Université Paris Descartes, France.
J Affect Disord. 2010 Jun;123(1-3):332-6. doi: 10.1016/j.jad.2009.09.022. Epub 2009 Oct 25.
Little systematic research into the diagnostic performance of instruments used to screen for clinical depression is available for people with diabetes. The objective of this study was to compare performances of the HADS and BDI-SF and their components in association with a standard diagnostic interview.
In a sample of 298 French outpatients from a diabetes clinic (165 men, aged 59.4 + or - 10.7 years), we assessed diagnoses of clinical depression (CD, n=42) and major depression (MD, n=30) using the MINI and administered the HADS and BDI-SF.
Cognitive symptoms from the BDI-SF (BDIcog) were more closely associated with MD than CD. BDIcog and HADS total scores performed best overall in identifying clinical depression (AUCs under ROC curve 85%). For identification of CD, the sensitivity/specificity of BDI cognitive symptoms was 88/71% (cutoff 3+) and for the HADS 83/65% (cutoff 13+). For identification of MD, BDIcog scored 83/80% (cutoff 4+) and HAD-A 80/76% (cutoff 9+). Logistic regression analyses further suggested that BDIcog and HAD-A discriminated between depressed and non-depressed patients better than the somatic and anhedonia items present in the same scales. The depression subscale of the HADS performed poorly.

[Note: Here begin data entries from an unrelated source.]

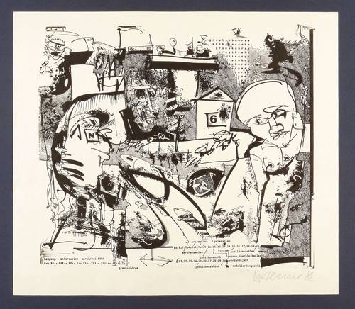 Rechts unten in Bleistift signiert und datiert. In der Platte reiche typografische Inschrift. – Sehr guter Erhaltungszustand.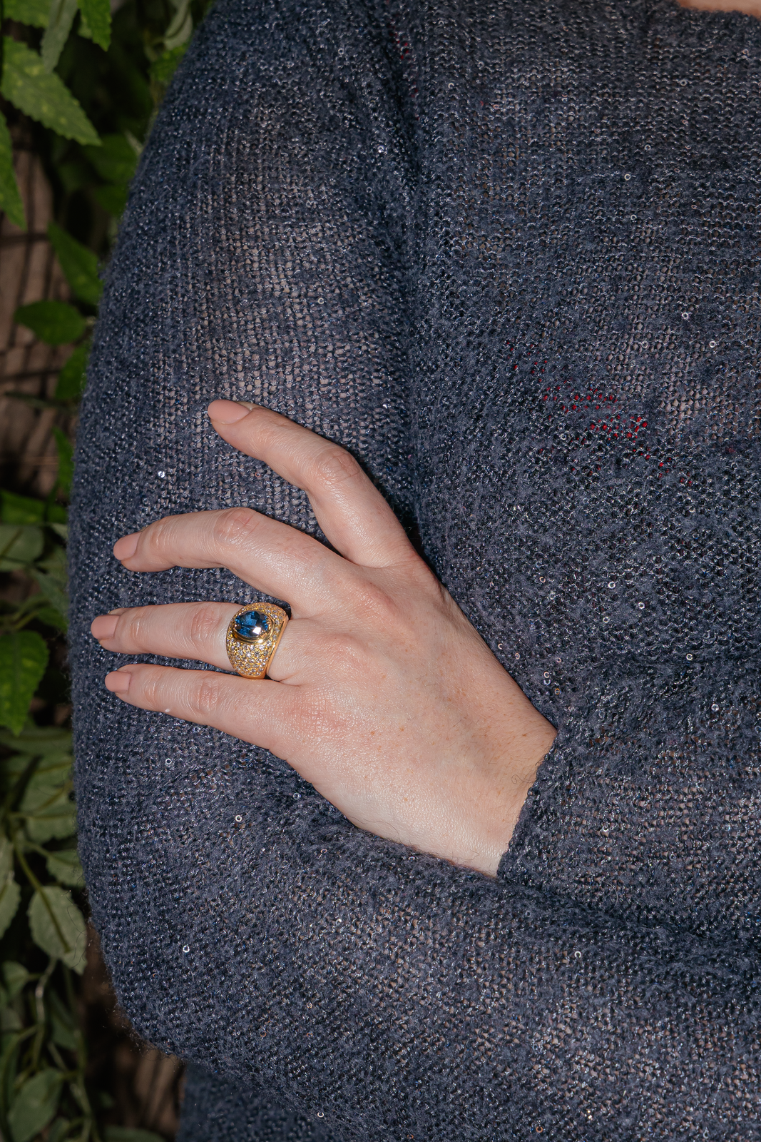 Bague en or jaune 750 millièmes (18 carats), sertie d'un saphir et de diamants, 1 saphir taille ovale, d'un poids total d'environ 3,73 cts, entouré de 74 diamants taille brillant, environ G-SI, d'un poids total d'environ 1,74 cts, (chaque diamant d'un poids d'environ 0,02 ct), largeur sur le dessus : 1,61 cm, tour de doigt : 49,5, poids total : 14,06 g, poinçon tête d'aigle, excellent état
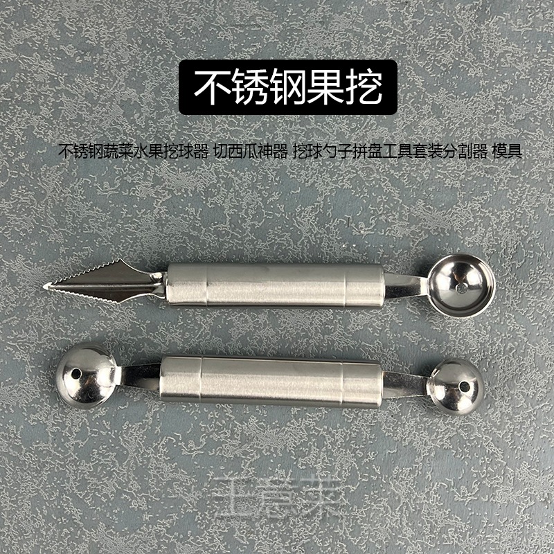 スポットステンレススチールスイカフルーツカット双頭果肉スプーンフルーツボールスクレーパー兼用彫刻ナイフ種子除去装置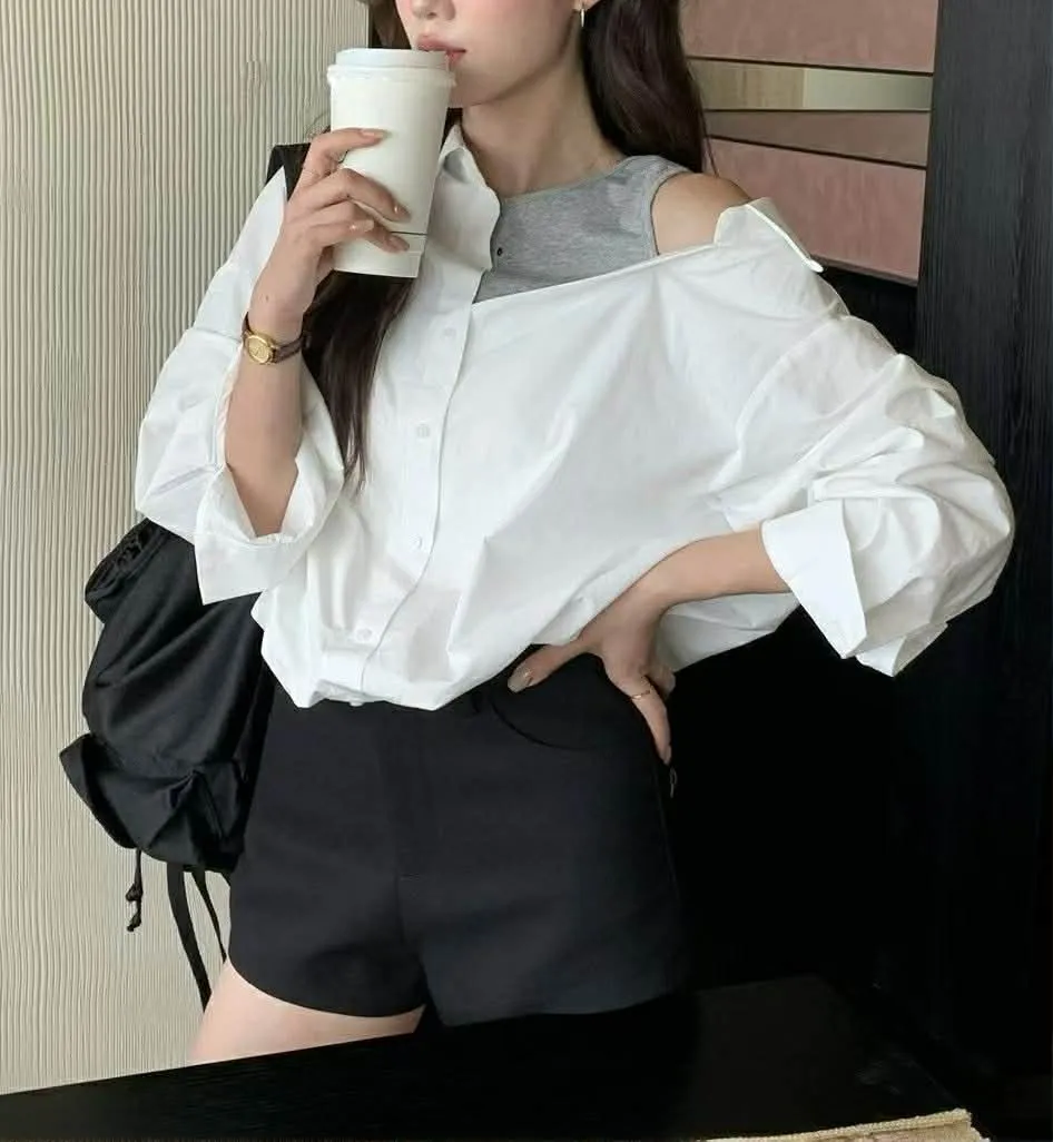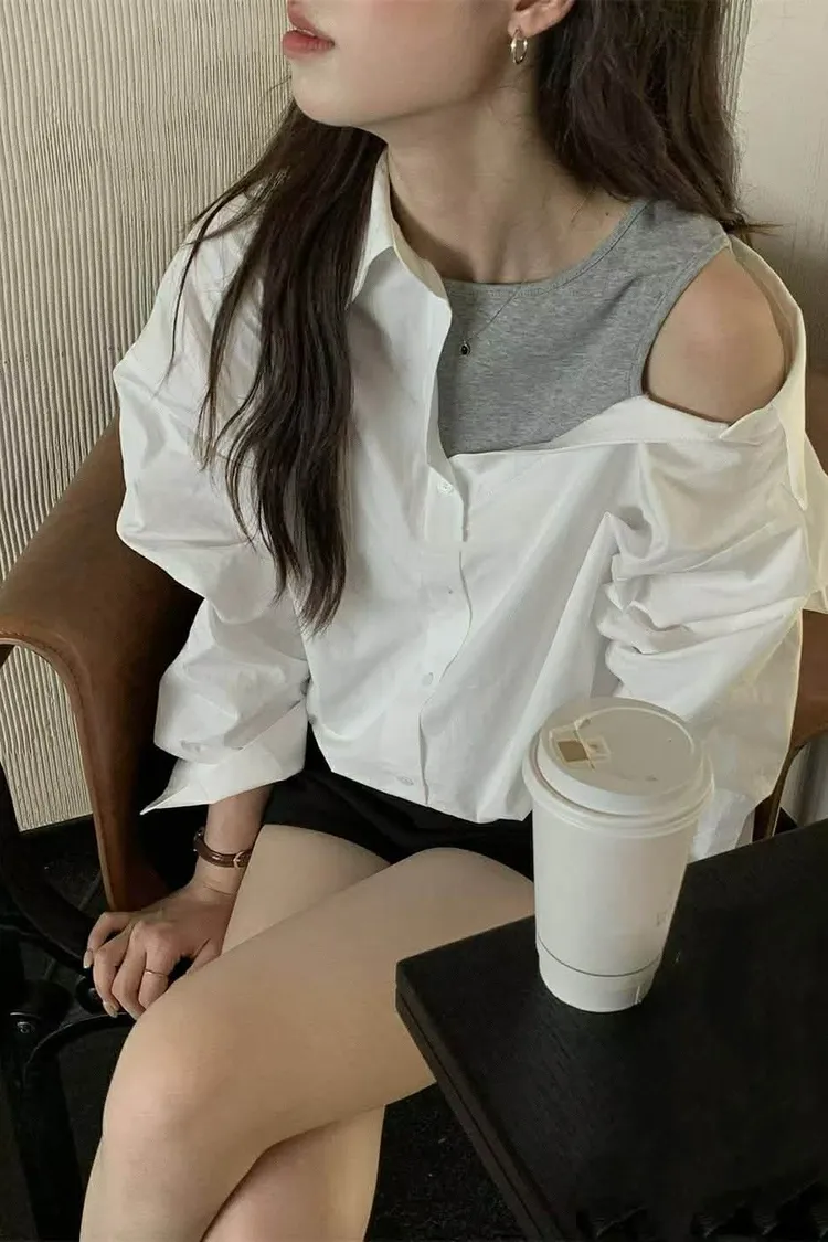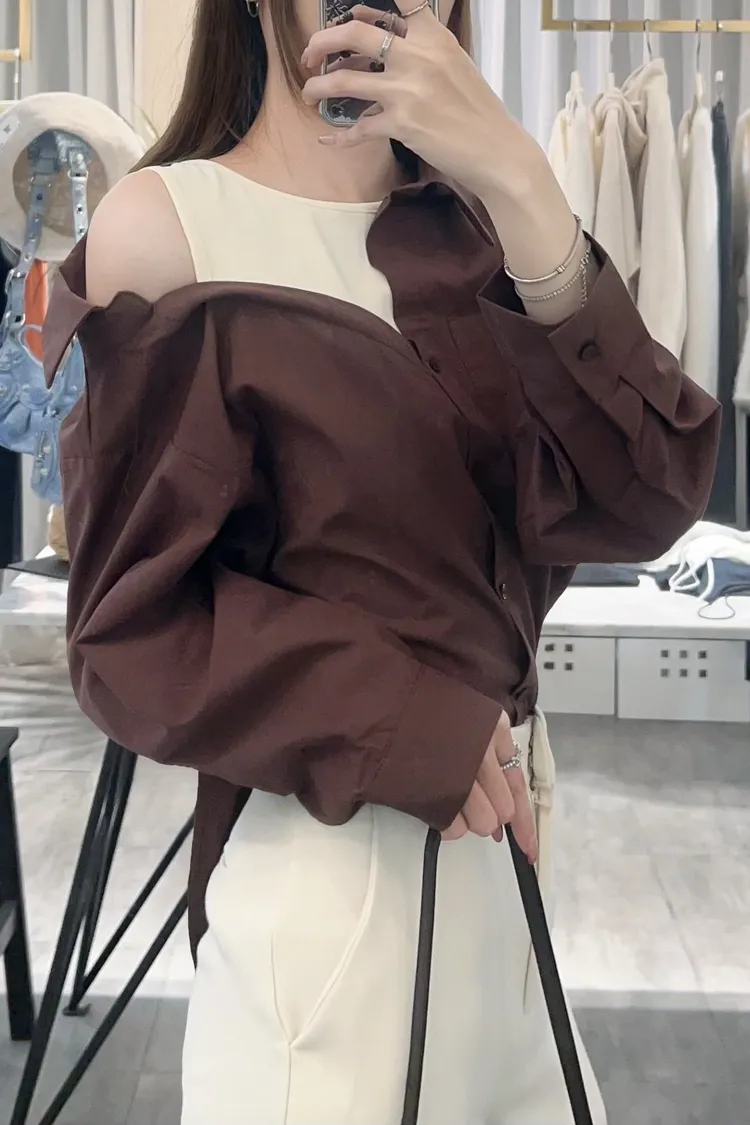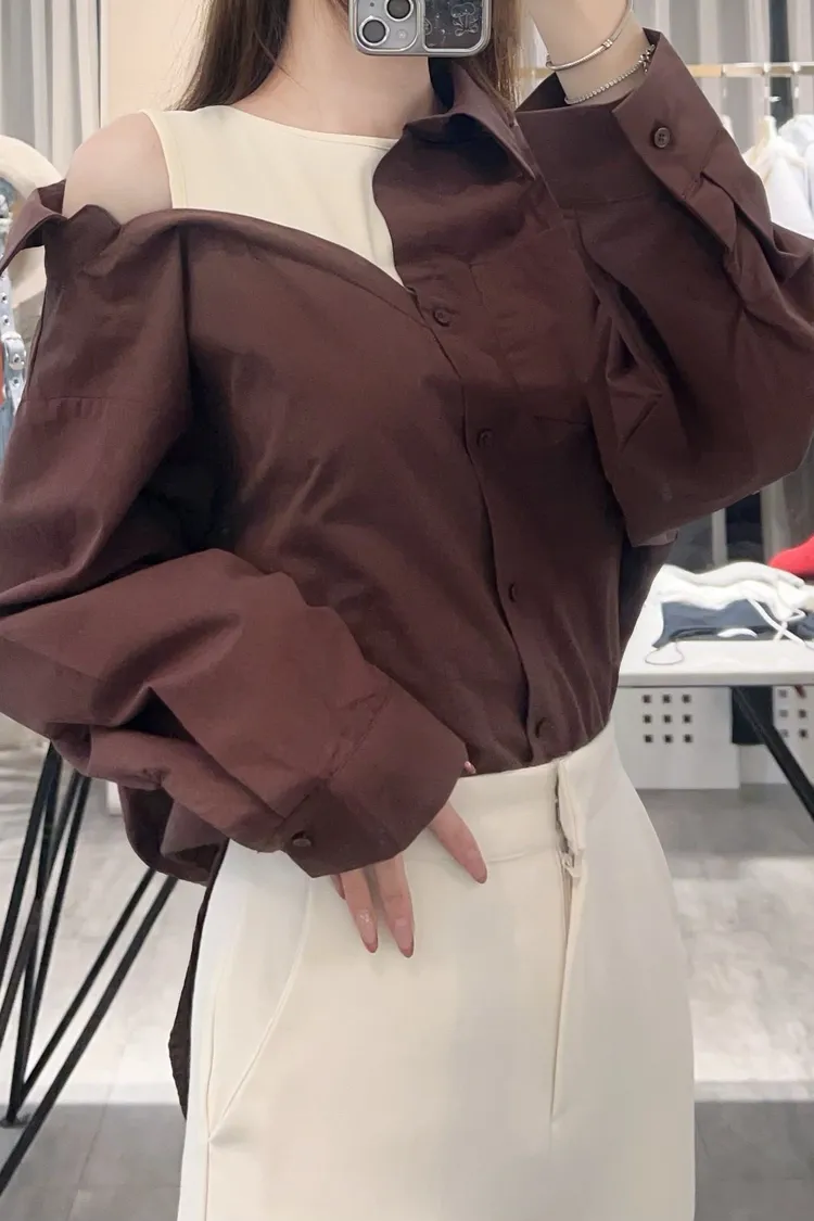 假兩件斜肩衫

The consecutive nature of the sample may limit the generalizability of our findings.
Results suggest that, in addition to depressed mood, both negative thoughts and anxiety are core elements for the correct identification of clinical depression in chronic illnesses such as diabetes. It may be more appropriate to use the total score when applying the HADS and distinguish non-somatic symptoms within the BDI.
针对糖尿病患者,用于筛查临床抑郁症的工具的诊断性能鲜有系统研究。本研究旨在比较 HADS 和 BDI-SF 及其各组成部分与标准诊断访谈的关联性能。
在一家糖尿病诊所的 298 名法国门诊患者中(男性 165 名,年龄 59.4 ± 10.7 岁),我们使用 MINI 评估了临床抑郁症(CD,n=42)和重度抑郁症(MD,n=30)的诊断,并进行了 HADS 和 BDI-SF 评估。
BDI-SF 的认知症状(BDIcog)与 MD 的相关性较 CD 更为密切。BDIcog 和 HADS 总分在识别临床抑郁症方面总体表现最佳(ROC 曲线下 AUC 值均>85%)。对于 CD 的识别,BDI 认知症状的敏感度/特异性为 88/71%(截断值 3+),HADS 为 83/65%(截断值 13+)。对于 MD 的识别,BDIcog 为 83/80%(截断值 4+),HAD-A 为 80/76%(截断值 9+)。Logistic 回归分析进一步表明,BDIcog 和 HAD-A 比同一量表中存在的躯体症状和快感缺失项更能区分抑郁和非抑郁患者。HADS 的抑郁亚量表表现不佳。
样本的连续性可能限制了我们研究结果的普遍性。
结果表明,除了抑郁情绪外,负面想法和焦虑也是正确识别糖尿病等慢性病中临床抑郁症的核心要素。在应用 HADS 时,可能更适合使用总分,并区分 BDI 中的非躯体症状。